Our happiness is such a fragile thing. You’d think we’d take better care of it.

It’s like a precious vase that we go and put on the edge of a table or leave out on the driveway or out in the middle of the street where it’s bound to get broken.

We want a happiness that lasts, a happiness that’s not going to turn on us. And yet we base it on what? Sights, sounds, smells, tastes, tactile sensations. And are these things ever stable and lasting?

They do provide pleasure. The Buddha never denies that. But they can’t provide a lasting happiness or a basis for a lasting happiness.

For that, you have to look within. That’s why we meditate, to look for a happiness doesn’t have to depend on the pleasures outside.

When the mind is well-trained, you can live with those pleasures. The Buddha doesn’t force you to abandon them. He just asked asks you to stop clinging to them, to stop feeding on them so desperately.
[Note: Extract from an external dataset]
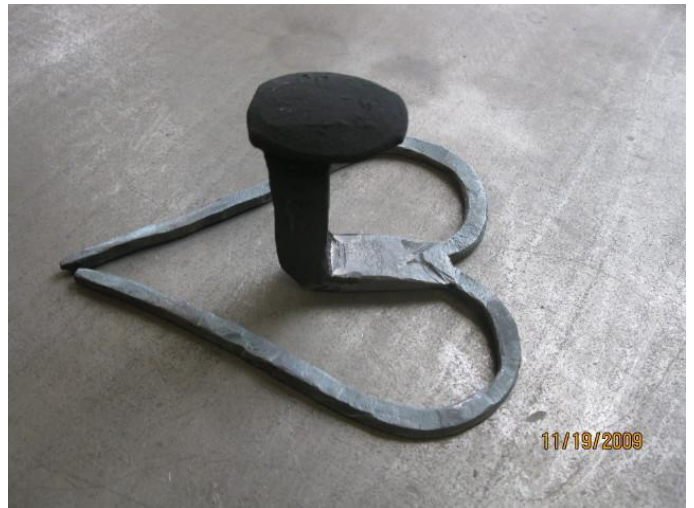
Ready for mounting

If they’re the only kind of happiness we know, we spend all our time trying to arrange sights, sounds, smells, tastes, tactile sensations, and ideas. And they don’t stay under our power. They keep going off and doing other things.

Like your body: You can control it to some extent, but there are an awful lot of things that happen in the body that you have no control over at all. And this is your own body. When you start getting out into the world around you, things are even less and less under your control.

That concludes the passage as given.